Earlier today Tom Roberts posted a very good editorial at the National Catholic Reporter about the two interviews NPR's Terry Gross did on the CDF's displeasure with LCWR. (Wow, are there enough acronyms in that sentence?) Roberts makes the point there is more than a little 'hint of hypocrisy' in the whole idea of compromised bishops having anything at all to say to any Catholic about 'giving scandal'. The following in an excerpt from his article. It's starts at about the half way point of the article:
......While the bishops view the nuns as in need of supervision and have accused the nuns of "betraying core values of the church" and causing "scandal to the faithful," Gross asked if there wasn't a bit of hypocrisy in those allegations, if the same charges might apply to "the institutional church that appears not able to reform itself and to be in the need of outside supervision."

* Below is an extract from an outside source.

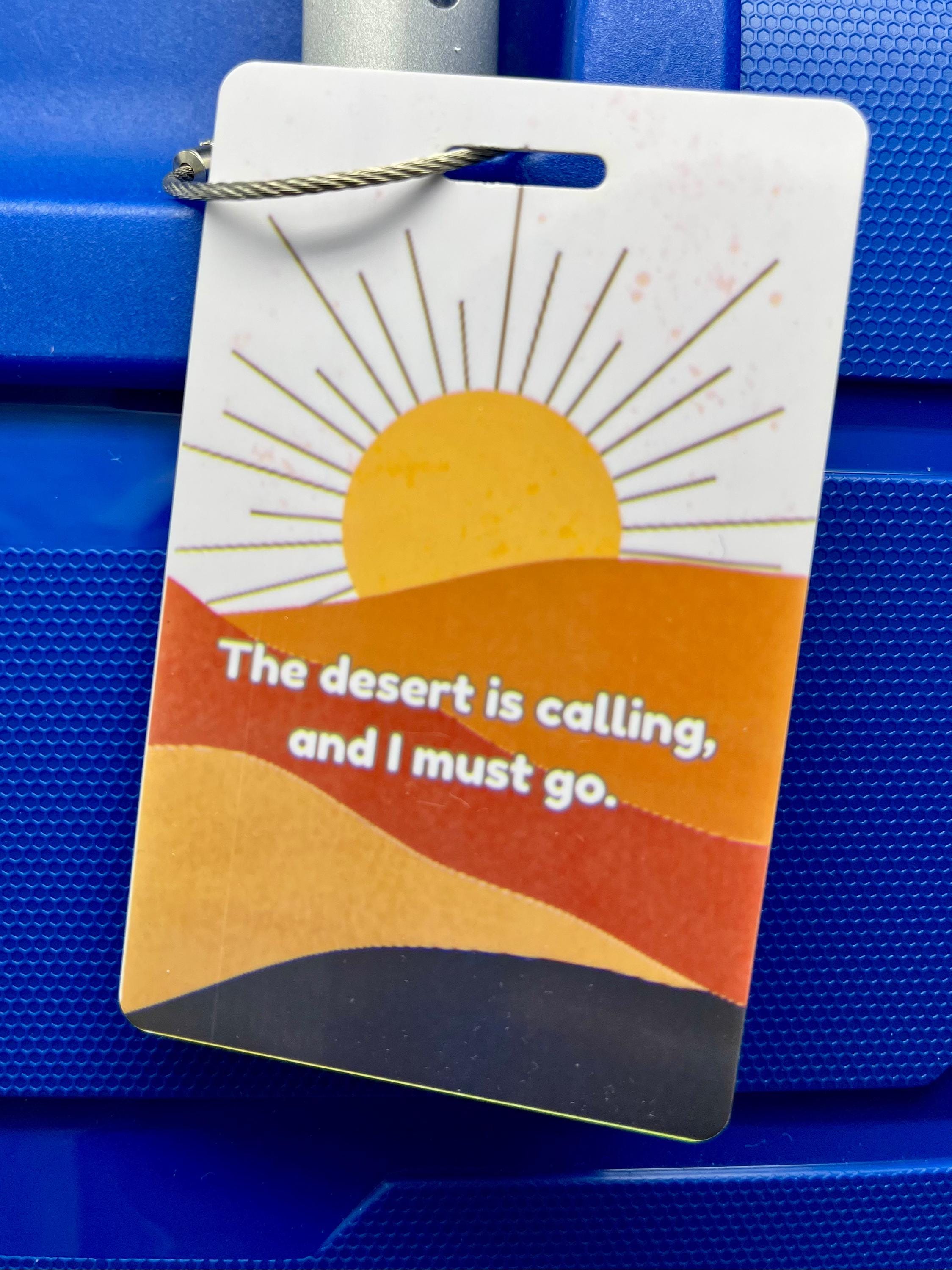 Desert lovers, this tag's for you! Attach it to a backpack, golf bag, or suitcase (all 3?) depending on what sort of trip you're taking, and ensure your bags remain with their rightful owner.
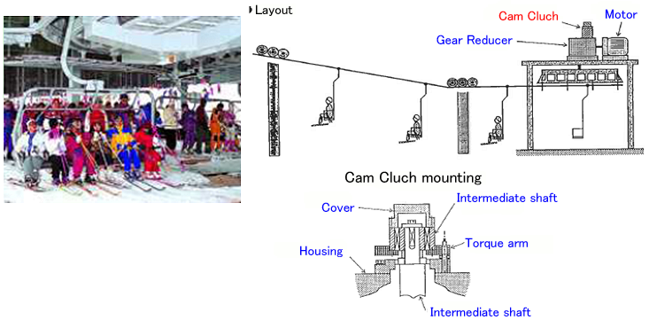 應用事例集凸輪離合器-19.防止滑雪升降機逆轉

It is an obvious and fair question, given the ongoing scandal and continued revelations about how the hierarchy mishandled the crisis over decades. Blair, in his answer, attempted to relativize the enormity of the scandal, even attempting to soften the reality by referencing "the mystery of iniquity in the church," noting that even Jesus didn't get it perfect, that he had chosen Judas, the betrayer, as one of the Twelve. Noting that bishops are the successors of the apostles, he implied it would logically hold that today's bishops would be visited by the same iniquity. (Jesus made no mistake. Judas was a necessary instrument in salvation history. I could make a similar point about these bishops. They are forcing Catholics to re evaluate the relationship between power and real authority. Our bishops are now doubling down on power because they no longer have any real authority. The more cappa magnas that come out the clerical closets can not mask the fact they are not wearing any 'clothes'.)
That strange rationalization aside for the moment, the reality is that more than a quarter-century of evidence has accumulated. Hundreds of thousands of pages of documentation are available, much of it stored online at bishopaccountability.org, that shows bishops:
- Callously disregarded the welfare of the most vulnerable in the community as they secretly moved priests who raped and molested children from parish to parish;
- Hid records and lied about the abuse to parents, reporters and prosecutors;
- Lifted millions from diocesan coffers without informing the community to secure silence from victims and their families;
- Did whatever necessary, from declaring bankruptcy to payouts of hundreds of millions in settlements, to avoid trials, which would have exposed in great detail the depth and breadth of the scandalous behavior and bishops' roles in protecting predator priests. Five years after a settlement in Los Angeles, the archdiocese is still fighting release of documents mandated by that settlement. We haven't heard that its lawyers are working pro bono.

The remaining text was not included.